Problem requirements ▸
Below are entries. Copy exactly the lines running from the line that holds "Properties: Melting point is" to the line that holds "How should you", with both ends included.

Dataset entries ▸
___
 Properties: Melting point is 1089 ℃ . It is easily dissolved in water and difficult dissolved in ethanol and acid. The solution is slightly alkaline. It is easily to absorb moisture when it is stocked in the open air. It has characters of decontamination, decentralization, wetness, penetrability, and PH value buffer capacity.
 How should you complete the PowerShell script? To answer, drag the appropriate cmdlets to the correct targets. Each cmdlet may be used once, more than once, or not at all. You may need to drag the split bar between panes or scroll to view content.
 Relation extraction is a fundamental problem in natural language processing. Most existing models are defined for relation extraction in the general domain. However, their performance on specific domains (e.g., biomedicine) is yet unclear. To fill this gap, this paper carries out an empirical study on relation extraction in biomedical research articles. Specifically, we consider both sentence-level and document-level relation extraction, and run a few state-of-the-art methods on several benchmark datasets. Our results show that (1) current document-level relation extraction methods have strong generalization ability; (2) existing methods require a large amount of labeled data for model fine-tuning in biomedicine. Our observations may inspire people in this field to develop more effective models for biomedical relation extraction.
___
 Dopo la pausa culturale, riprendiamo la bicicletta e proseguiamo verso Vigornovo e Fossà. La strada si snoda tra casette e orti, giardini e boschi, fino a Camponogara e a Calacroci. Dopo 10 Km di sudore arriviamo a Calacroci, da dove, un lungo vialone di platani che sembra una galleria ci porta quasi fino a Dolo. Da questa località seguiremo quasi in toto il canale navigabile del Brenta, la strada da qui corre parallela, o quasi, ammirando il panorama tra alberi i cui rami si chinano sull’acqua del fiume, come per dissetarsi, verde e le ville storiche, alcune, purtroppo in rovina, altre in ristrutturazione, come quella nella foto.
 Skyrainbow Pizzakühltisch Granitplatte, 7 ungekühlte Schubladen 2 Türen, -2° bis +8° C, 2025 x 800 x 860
___
Finished task ▸
 Properties: Melting point is 1089 ℃ . It is easily dissolved in water and difficult dissolved in ethanol and acid. The solution is slightly alkaline. It is easily to absorb moisture when it is stocked in the open air. It has characters of decontamination, decentralization, wetness, penetrability, and PH value buffer capacity.
 How should you complete the PowerShell script? To answer, drag the appropriate cmdlets to the correct targets. Each cmdlet may be used once, more than once, or not at all. You may need to drag the split bar between panes or scroll to view content.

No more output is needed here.